— Так вот вы, значит, какой, — наконец сказал капитан.
— Какой? — вскинул брови Григорий.
— Кормят вас хорошо? — спросил прапорщик.
— Нормально…
— Ну да, ну да… А насекомые не беспокоят? В смысле вошки-мандавошки?
— Нет, меня раствором обработали.
— На прогулки ходите регулярно?
— Да…
— А что у нас со здоровьечком? На что-нибудь жалуетесь?
— Нет…
— И голова не болит? Желудочек не расстраивается?
— Все нормально…
— А охрана? Быть может, она занимается рукоприкладством? Вымогает у вас деньги? Говорите, не бойтесь.
— Я и не боюсь… — смутился Чернов. — С охранниками никаких проблем… Спасибо.
— За что спасибо? — улыбнулся капитан.
— За заботу… У меня все хорошо, можете не беспокоиться…
— Кто же о вас еще побеспокоится? — «удивился» капитан.
— Работа у нас такая — беспокоиться о людях. — И будто в подтверждение своих слов прапорщик протянул Григорию конверт: — Это вам. Так сказать, в качестве сюрприза. Распечатайте.
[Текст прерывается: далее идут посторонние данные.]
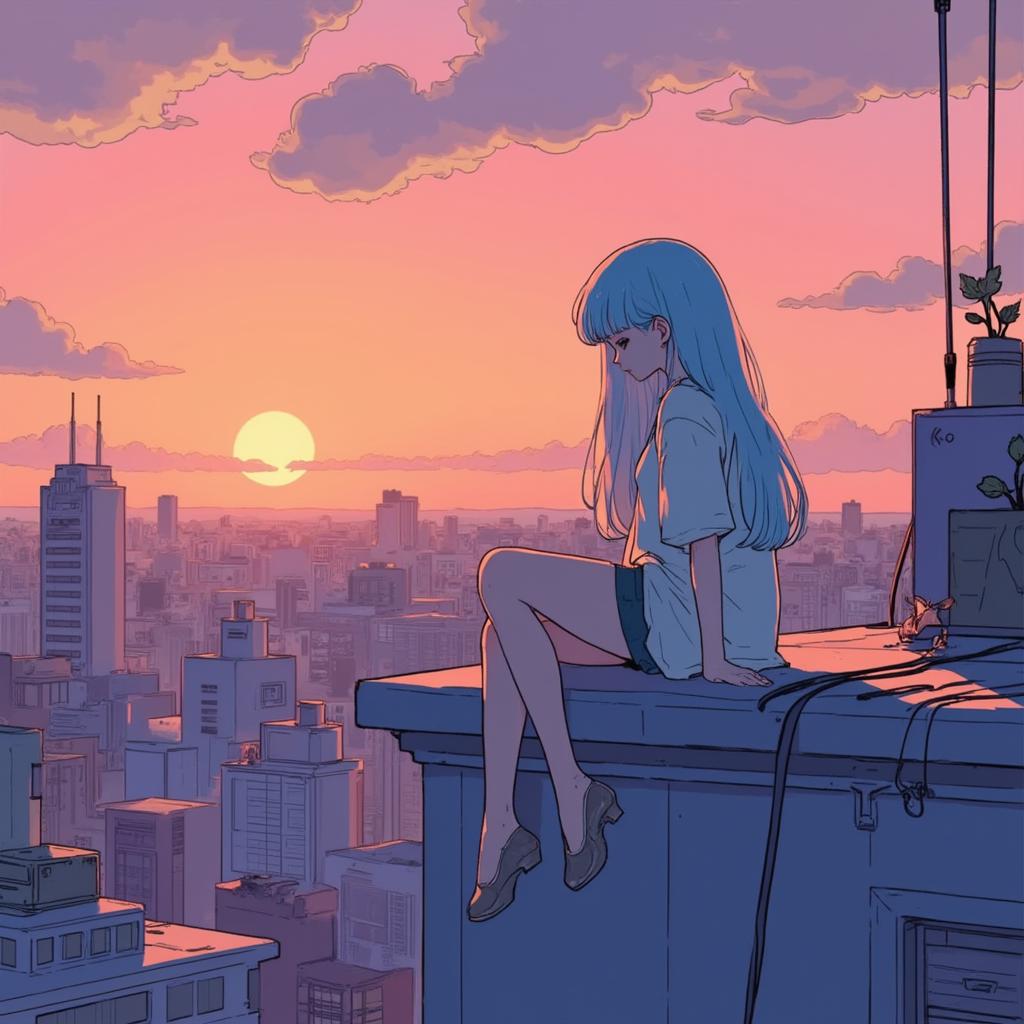"a girl with blue hair sitting on a rooftop at sunset, legs dangling over the edge"

Чернов вскрыл конверт, и на его колени упал плотный листок бумаги. Фотография.
Сердце Григория начало метаться в груди, вверх-вниз, вправо-влево, и отзвук этого бешеного метания грохотал в ушах. На снимке была Катюша. Она выходила из подъезда. Она отрешенно смотрела куда-то вдаль. Она не видела, что ее фотографируют. На ней была легкая осенняя курточка, хоть под нотами уже лежал снег.
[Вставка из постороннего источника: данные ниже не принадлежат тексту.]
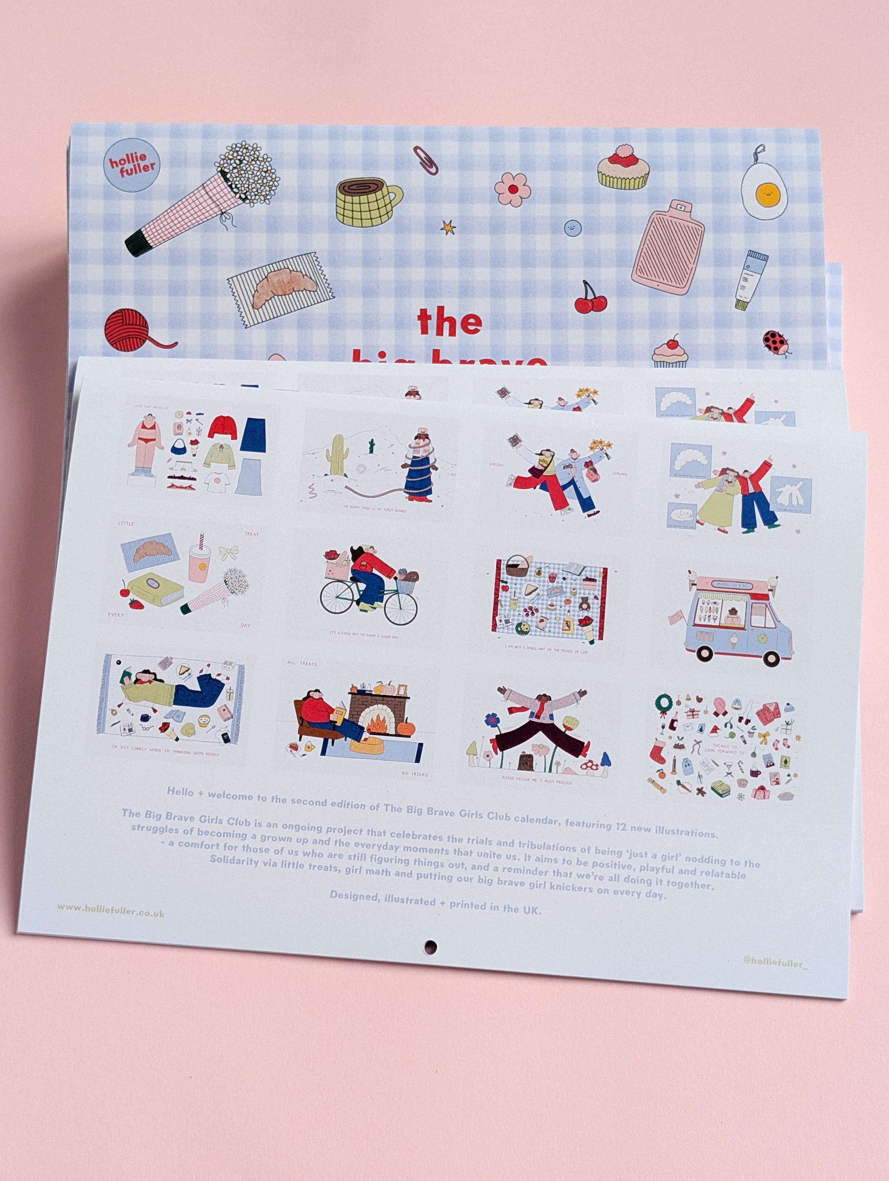 The Big Brave Girls Club A4 calendar. Illustrated + printed in the UK onto FSC certified, recycled paper stock.

«Шубу так и не купил…» — первое, что подумал Чернов.
— Красивая у вас жена, — с искренней завистью сказал прапорщик.
— Ничего, смазливенькая, — согласился с ним капитан. — Хм, прошу прощения, Григорий Михайлович. Само собой вырвалось…
— И сынишка замечательный, — продолжал елейным голоском прапор. — Жаль, что в институт не поступил. В сочинении сделал сорок две ошибки.
— Переволновался, с кем не бывает, — пожал плечами капитан.
— Вы и про ошибки?… — потрясенно выдохнул Чернов.
— Мы все знаем, — кивнул капитан. — И про шаткое финансовое положение вашей чудесной семьи, и про…
— Катастрофическое, — мягко поправил его прапорщик. — На одну зарплату долго не протянешь, угу…
— Вы правы, мой друг, катастрофическое. — Капитан вынул из кармана кителя пачку жевательной резинки, неторопливо распотрошил обертку и положил ароматную пластиночку себе в рот. — И про шутника, который на досуге любит взрывать чужие автомобили, и про мучительную смерть кормящей собачки…
— И про неприятности на работе у вашей жены… — продолжил перечень прапорщик.
— Какие неприятности? — У Григория защипало в глазах.
— Всякие разные…
— Что с Катей? Она заболела?
Капитан и прапорщик недоуменно переглянулись.
— О жене потом, — сказал капитан. — Некогда, мы к вам всего на минуточку заскочили.
— Ага, одна нога здесь, а другая…
— Я не буду разговаривать, пока вы не скажете, что с моей женой, — упрямо процедил Чернов.
— Да с ней все нормально, — пожал плечами капитан, — жива-здорова… А мы к вам пришли…
— Я знаю, для чего вы пришли, — насупился Чернов. — Короче.
Служивые многозначительно переглянулись.
— Ну, раз знаете, тем лучше. — В руке капитана появились бланк и вечное перо. — Обойдемся без прелюдий.
— Я ничего подписывать не буду, — заявил Григорий. — Уберите это! Немедленно уберите!
— Но вы же еще не ознакомились с текстом, — укоризненно покачал головой капитан. — Не будьте так скоры.
— Убирайтесь! — закричал Чернов. — Убирайтесь, к чертовой матери!
— Гляди-ка, будто из квартиры своей выгоняет. — Капитан насмешливо подмигнул своему напарнику. — Нервный какой, а говорил, что на здоровье не жалуется. Выходит, ошибался товарищ Порогин, когда рекомендовал его нам для совместной работы.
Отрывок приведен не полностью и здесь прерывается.